[Entries taken from a collection]
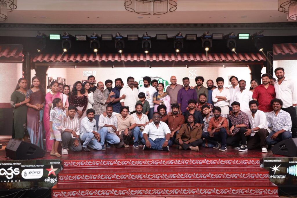 நிகழ்வில் கலந்து கொண்ட சிவகார்த்திகேயன் புரொடக்ஷன்ஸ் கலை, “நல்ல கதைகள் தயாரிக்க வேண்டும் என்ற நோக்கத்தோடு சிவகார்த்திகேயன் புரொடக்ஷன்ஸ் இயங்கி வருகிறது. இது எங்கள் தயாரிப்பில் ஒன்பதாவது படம். இந்தப் படத்தின் இயக்குநர் மற்றும் கதை மீது சிவகார்த்திகேயன் வைத்த நம்பிக்கையில் இருந்துதான் படம் தொடங்கியது. பேஷன் ஸ்டுடியோஸ் உடன் இணைந்து தயாரித்திருக்கிறோம். படத்தின் ரஃப் கட் பார்த்துவிட்டு எங்கள் அணியை சிவா பாராட்டினார். சிவகுமார் எவ்வளவு திறமையான இயக்குநர் என்பது இந்தப் படத்தின் மூலமும், அவருக்கு அடுத்து கிடைத்திருக்கும் வாய்ப்பை பார்க்கும்போதும் தெரியும். ராதிகா மேம் எங்களுக்கு மிகுந்த ஒத்துழைப்பு கொடுத்து நடித்தார். படக்குழுவினர் அனைவருக்கும் நன்றி. 27 ஆம் தேதி படம் திரையரங்குகளில் வெளியாகிறது. உங்கள் அனைவரின் ஆதரவும் தேவை”.
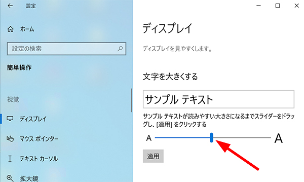 - サンプルテキストの文字が読みやすいと感じるサイズになったら「適用」をクリックします。適用をクリックすると、しばらく待った後にテキストサイズが変更されます。視認性に問題がなければウィンドウを閉じてください。
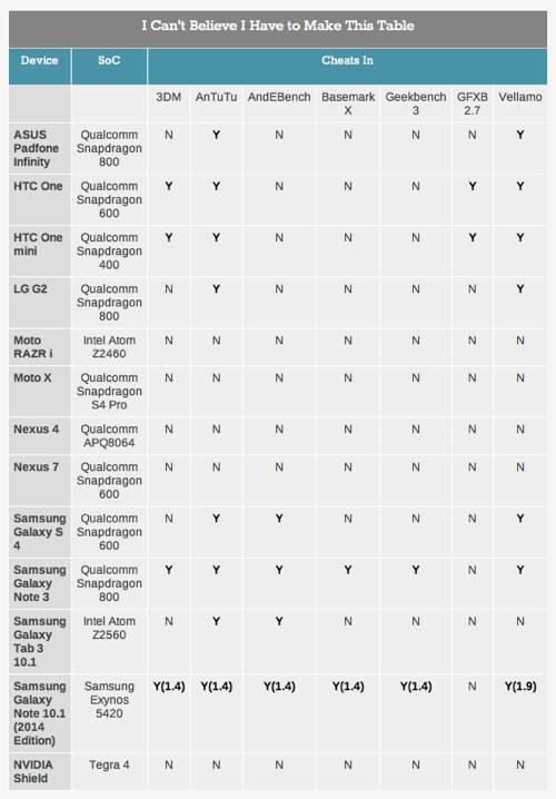 Kā izdibinājis 9to5Google.com, Samsung, LG, HTC un citi lielrūpnieki pieķerti savu viedtālruņu testu viltošanā ar mērķi uzrādīt labākus veiktspējas rezultātus nekā konkurentiem. Kā godīgus ražotājus minēja Motorola, Google un Apple, kuri ar tādu praksi nenodarbojas. Lietotāju mānīšana notiek visaugstākajā līmenī, ieskaitot iebūvētus manipulācijas instrumentus.
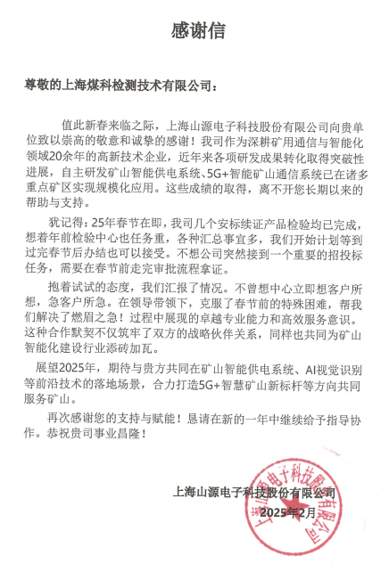 2025年伊始,上海煤科檢測技術有限公司(簡稱檢測公司)連續收到來自華榮科技股份有限公司(簡稱華榮公司)送來的錦旗和上海山源電子科技股份有限公司(簡稱山源公司)發來的感謝信,感謝檢測公司在過去的一年中提供了全面高效的檢測技術服務。
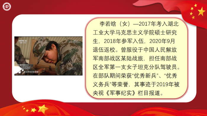 “从我报名参军的那天起、甚至是到了部队,经常会有人问我:李若晗,你都已经读研了、怎么还想着去当兵?”面对这些疑问,李若晗的回答是:“当兵是我从小的梦想,能够实现梦想我感到非常幸运!”
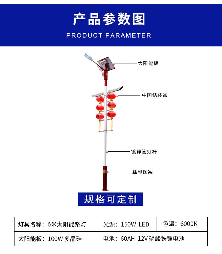 太阳能路灯6米5米新农村道路灯公园景区大功率灯笼款景观灯
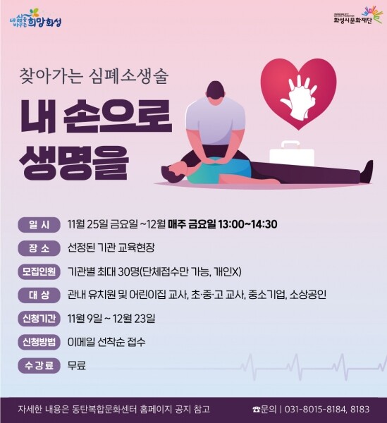 그러나 이번에 진행하는 ‘내 손으로 생명을’ 교육은 현장으로 찾아가는 현장밀착형 교육으로 화성시 소재 직장 재직자의 생활안전역량 향상에 도움이 되고자 기획됐다.
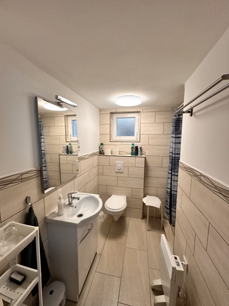 Modern zuhanyzós és kádas fürdőszobáink igényesen felszereltek, minden alapvető kellékkel. A friss, világos burkolatok és a rendezett elrendezés biztosítják a kellemes élményt minden használat során.
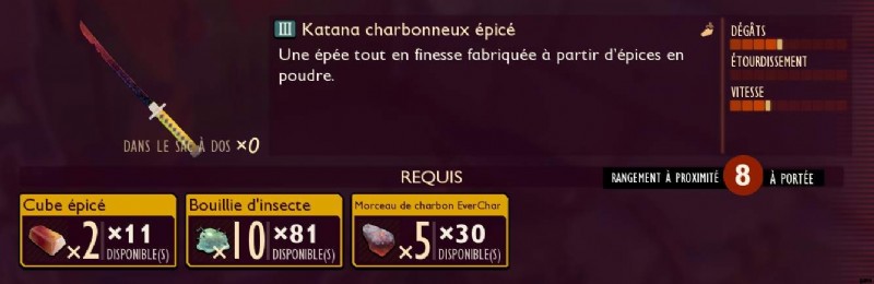 壊れたバージョンや設計図を入手した場合、次に何が起こるかははっきりと覚えていませんが、これが武器です。灼熱の両手アジア刀。スパイシーなダメージ、そして夜にほんの少しの光を提供します。
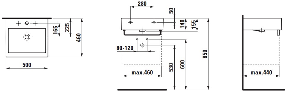 Laufen LIVING CITY umývadlo 50 cm bielerozmery: 50 x 46 x 15,5 cm, otvor pre batériu: áno/nie, montáž: závesné na stenu
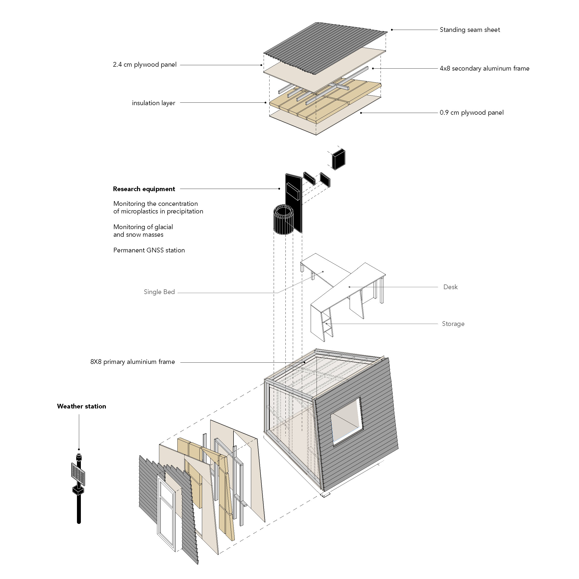 This scalability envisions a network of monitoring stations that would contribute to climate research and the conservation of mountain ecosystems. Innovation also lies in the attempt to merge the traditional role of the alpine bivouac with scientific research purposes, incorporating equipment and tools for study, monitoring, and data storage. The innovation extends to the participatory design process, as well as the decision to focus solely on recycled materials, aligning the project with sustainable practices and minimizing its environmental footprint.
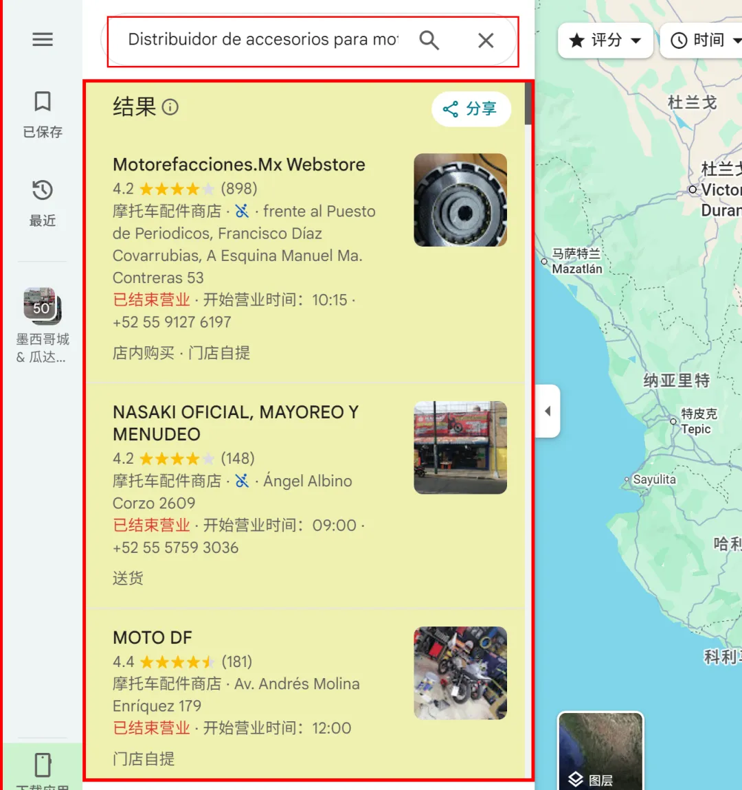 打开https://www.google.com/maps 输入产品关键词,就会搜索出来一堆的客户信息。
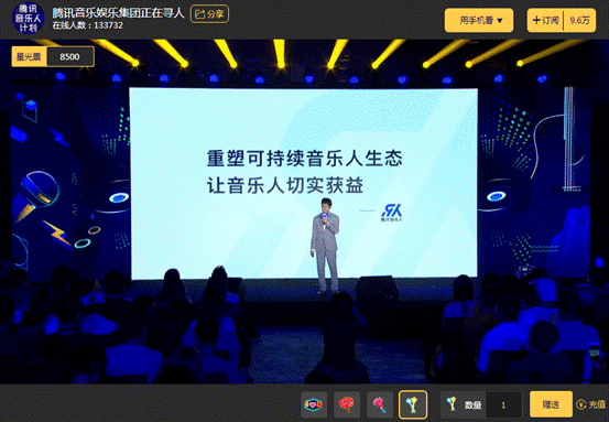 解決困境并非一朝一夕的口頭承諾。彭迦信指出,騰訊音樂娛樂集團在盜版橫行的年代就已經(jīng)開始堅持正版化,并已積累十多年的精耕細作經(jīng)驗。集團旗下酷狗音樂、QQ音樂、酷我音樂、酷狗直播、5Sing、全民K歌六大音樂平臺上已經(jīng)駐留了相當多的音樂人,為平臺上的音樂人發(fā)布超過10萬張專輯,但彭迦信表示“還遠遠不夠”。之前六大平臺雖然已積累出一定成績,但長期彼此獨立,并沒有充分發(fā)揮平臺優(yōu)勢!跋Mㄟ^打通六大平臺的資源,最大化地解決音樂人的痛點,為音樂人帶來更多實際化的幫助!迸礤刃胚表示,騰訊音樂娛樂集團將為音樂人提供作品發(fā)行、宣傳推廣、數(shù)據(jù)管理、演出支持、作品收益、版權(quán)管理、權(quán)利保護甚至教育培訓(xùn)服務(wù),一站式解決音樂人的痛點需求,并且“未來三年內(nèi)不計成本支持原創(chuàng)音樂人”,為原創(chuàng)音樂人提供5億的收入,讓平臺以及平臺上的粉絲成為好音樂的伯樂。
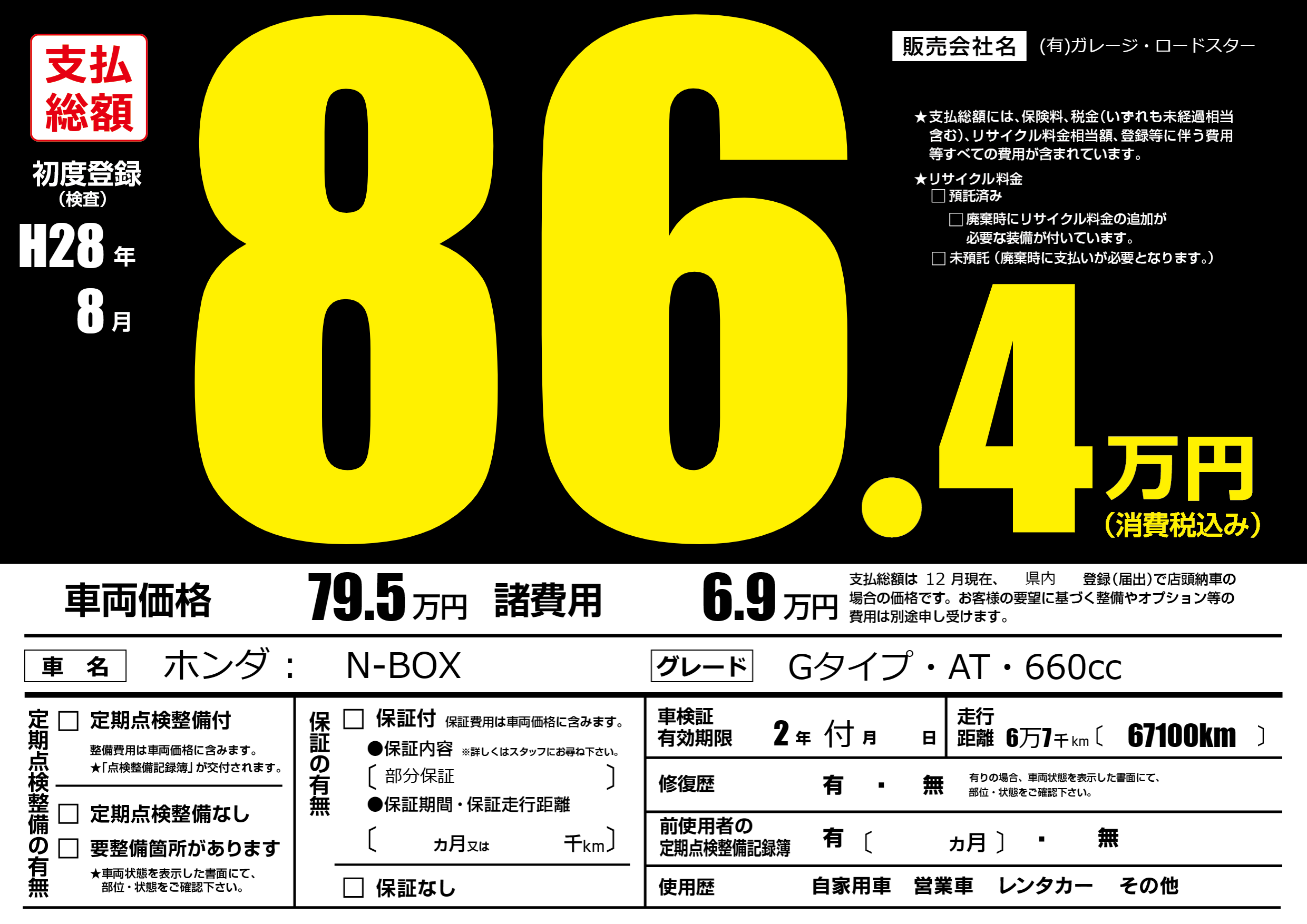 保証なし 保証内容(部分保証) ---ヶ月または()千kmまで |
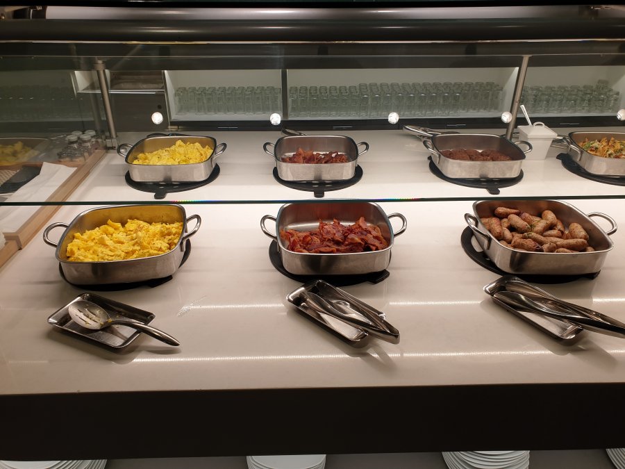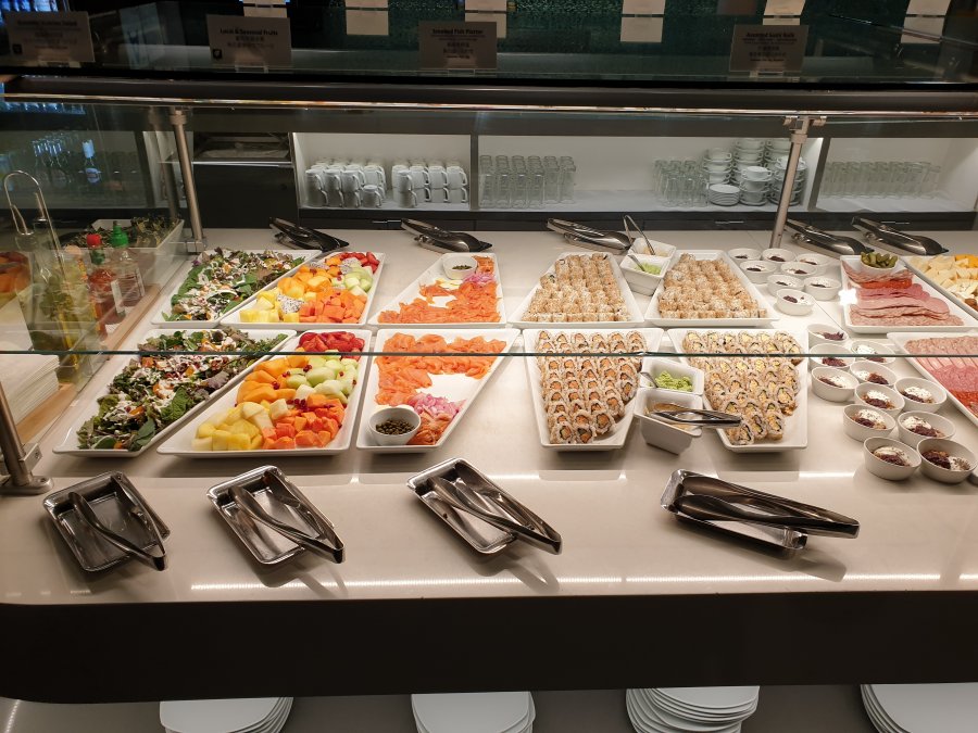 American Airlines (och även JAL loungen) är ordentligt gömd, inga skyltar alls men de sa vid checkin att den var ovanpå foodcourten. Tog en stund innan jag hittade dörren med trappan upp. Loungen i sig är stor och näst intill folktom. Självservering av mat och all dryck (även alkohol).
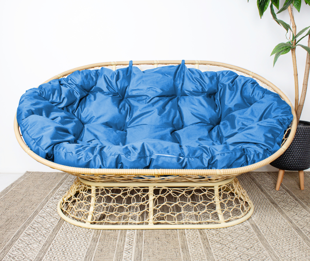 Диван МАМАСАН с ротангом бежевый, голубая подушка: цены, фото - купить в интернет-магазине Diopt.ru

Directions for this task | Your answer must be an exact copy of the lines from the start of the entries through the line with "Laufen LIVING CITY", with no pictures.

Answer section |
 நிகழ்வில் கலந்து கொண்ட சிவகார்த்திகேயன் புரொடக்ஷன்ஸ் கலை, “நல்ல கதைகள் தயாரிக்க வேண்டும் என்ற நோக்கத்தோடு சிவகார்த்திகேயன் புரொடக்ஷன்ஸ் இயங்கி வருகிறது. இது எங்கள் தயாரிப்பில் ஒன்பதாவது படம். இந்தப் படத்தின் இயக்குநர் மற்றும் கதை மீது சிவகார்த்திகேயன் வைத்த நம்பிக்கையில் இருந்துதான் படம் தொடங்கியது. பேஷன் ஸ்டுடியோஸ் உடன் இணைந்து தயாரித்திருக்கிறோம். படத்தின் ரஃப் கட் பார்த்துவிட்டு எங்கள் அணியை சிவா பாராட்டினார். சிவகுமார் எவ்வளவு திறமையான இயக்குநர் என்பது இந்தப் படத்தின் மூலமும், அவருக்கு அடுத்து கிடைத்திருக்கும் வாய்ப்பை பார்க்கும்போதும் தெரியும். ராதிகா மேம் எங்களுக்கு மிகுந்த ஒத்துழைப்பு கொடுத்து நடித்தார். படக்குழுவினர் அனைவருக்கும் நன்றி. 27 ஆம் தேதி படம் திரையரங்குகளில் வெளியாகிறது. உங்கள் அனைவரின் ஆதரவும் தேவை”.
 - サンプルテキストの文字が読みやすいと感じるサイズになったら「適用」をクリックします。適用をクリックすると、しばらく待った後にテキストサイズが変更されます。視認性に問題がなければウィンドウを閉じてください。
 Kā izdibinājis 9to5Google.com, Samsung, LG, HTC un citi lielrūpnieki pieķerti savu viedtālruņu testu viltošanā ar mērķi uzrādīt labākus veiktspējas rezultātus nekā konkurentiem. Kā godīgus ražotājus minēja Motorola, Google un Apple, kuri ar tādu praksi nenodarbojas. Lietotāju mānīšana notiek visaugstākajā līmenī, ieskaitot iebūvētus manipulācijas instrumentus.
 2025年伊始,上海煤科檢測技術有限公司(簡稱檢測公司)連續收到來自華榮科技股份有限公司(簡稱華榮公司)送來的錦旗和上海山源電子科技股份有限公司(簡稱山源公司)發來的感謝信,感謝檢測公司在過去的一年中提供了全面高效的檢測技術服務。
 “从我报名参军的那天起、甚至是到了部队,经常会有人问我:李若晗,你都已经读研了、怎么还想着去当兵?”面对这些疑问,李若晗的回答是:“当兵是我从小的梦想,能够实现梦想我感到非常幸运!”
 太阳能路灯6米5米新农村道路灯公园景区大功率灯笼款景观灯
 그러나 이번에 진행하는 ‘내 손으로 생명을’ 교육은 현장으로 찾아가는 현장밀착형 교육으로 화성시 소재 직장 재직자의 생활안전역량 향상에 도움이 되고자 기획됐다.
 Modern zuhanyzós és kádas fürdőszobáink igényesen felszereltek, minden alapvető kellékkel. A friss, világos burkolatok és a rendezett elrendezés biztosítják a kellemes élményt minden használat során.
 壊れたバージョンや設計図を入手した場合、次に何が起こるかははっきりと覚えていませんが、これが武器です。灼熱の両手アジア刀。スパイシーなダメージ、そして夜にほんの少しの光を提供します。
 Laufen LIVING CITY umývadlo 50 cm bielerozmery: 50 x 46 x 15,5 cm, otvor pre batériu: áno/nie, montáž: závesné na stenu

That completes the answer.